When she entered the music scene in the 1980s, though, it was a boys’ club, and MacColl occupied a singularly, insistently female perspective. Her first hit — “There’s a Guy Works Down the Chip Shop Swears He’s Elvis” — pierced the bubble of masculine braggadocio, teasing a lover for his “mohair suits and foreign shoes” before concluding that, like the man in the chip shop, the boyfriend is probably a liar.

Her harshest songs, though, were often about women, sketching scenarios rarely represented in pop music. “What Do Pretty Girls Do?” shrewdly dissects a former groupie, now left alone with all the “records and the posters of the people that she knew”. “But she got older just like everybody else/ She never thought she’d have to take care of herself.”

Characters who married and settled down fare no better. On “Tread Lightly”, she sighs: “What else is there for you to do/ But turn and wet the baby’s head/ And pray he will be happier than you or me?”

Dating is hopeless, too. “Don’t Come the Cowboy With Me, Sonny Jim!” bemoans “boys with warm beds and cold, cold hearts” who “make you feel nothing at all”.

Bathos, fatalism, heartbreak: these are the pillars of a MacColl song. The saddest song on Kite is probably “Mother’s Ruin”, in which a narrator tries to compensate for a lost father with casual sex. “But when you go/ Let me dream that I go with you,” she sings, broken but brave.

Kirsty MacColl

Mark Nevin, a guitarist who often worked with her, summed her songs up as: “Men — you’re all bastards; don’t leave me, I’m just a little girl.” He tied this feeling of rejection to her childhood. Her father, the folk singer Ewan MacColl, had left her mother not long after MacColl was born, and her relationship with him was difficult.

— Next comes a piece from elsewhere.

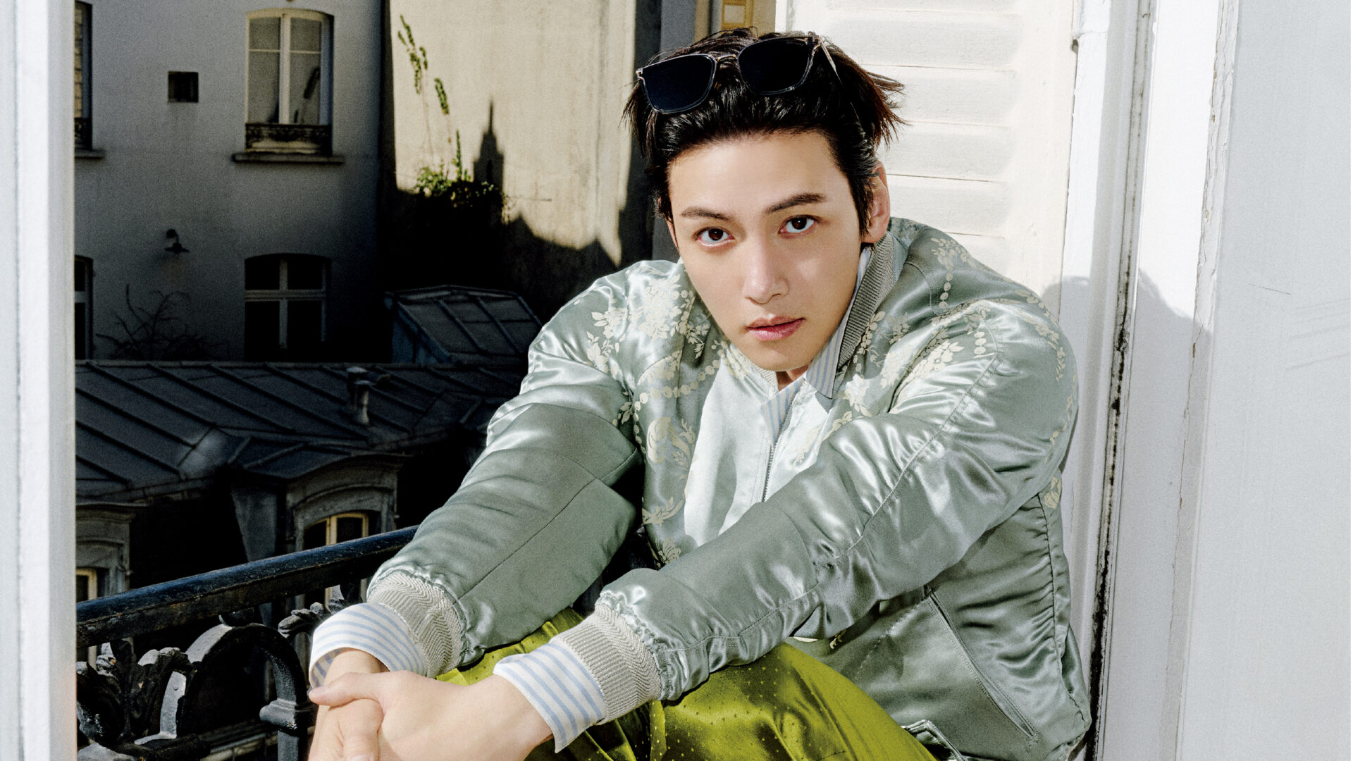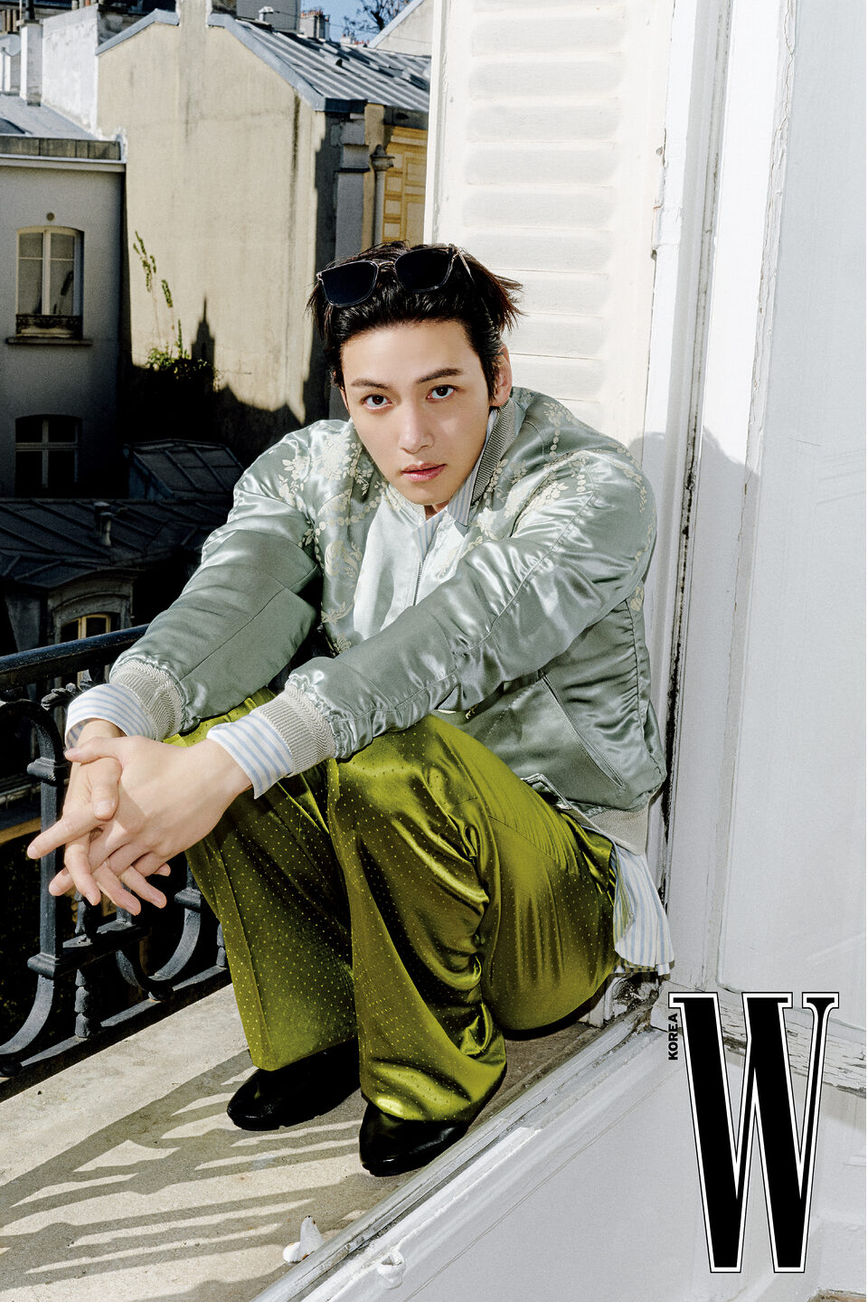 정교한 아세테이트 프레임에 메탈 장식과 조절 가능한 노즈 패드, 아이코닉한 T 로고를 더한 선글라스는 Tom Ford Eyewear by Marcolin. 녹색 실크 자카드 보머 재킷, 줄무늬 실크 셔츠, 연두색 테일러링 팬츠, 검정 발레 슈즈는 Tom Ford 제품.

It was often assumed, because of the family connection, that she belonged to the folk tradition; she didn’t, precisely because she didn’t want to follow her father. It was another thing that made selling her harder than it might have been.

At least, during her doldrums, she had solid support from her husband, the producer Steve Lillywhite, who worked on most of her records. But in the early 1990s, their marriage started to come apart: it’s a period that shaped her darkest record, Titanic Days, released in 1993.

Even its happiest numbers hint at the abyss. “Bad” is a jaunty ballad about murdering your husband. “Angel” is a trip-hoppy song which MacColl told a journalist was about feeling “protected”, but it’s not a huge reach to hear the references to “falling”, “dreaming” and angels as someone flirting with the comfort of death.

On others, MacColl’s astuteness about relationships lurches into disconcerting territory. The title track celebrates an affair that sounds at the very least unhealthy: “A violent frenzy in a none-too-cheap hotel … His arms, his face/ The way my words got twisted out of place.” Is this a love song? Well, for some people it is.

She was always drawn back to the morally sticky parts of life: wanting what you shouldn’t want, or resenting the thing that’s supposed to make you happy. If MacColl had been an author, these piercing sketches of the human condition would be regarded as classics — on a par with Alan Bennett or Fay Weldon.

Instead, she was a popstar who didn’t match ideas of what a popstar ought to be. She sang frankly about sex, but she didn’t perform sexiness. She was scathing about men, but she knew them intimately. Her songs had the intensity and drive of the classic girl groups, but she recorded adult angsts like marital discontent or ageing out of hotness.

If she hadn’t been so brutally cut off, the changing mores from the noughties on would have given her plenty of material to work with. As it is, she left behind one of the great British songbooks, and a gap that no one since has quite been able to fill.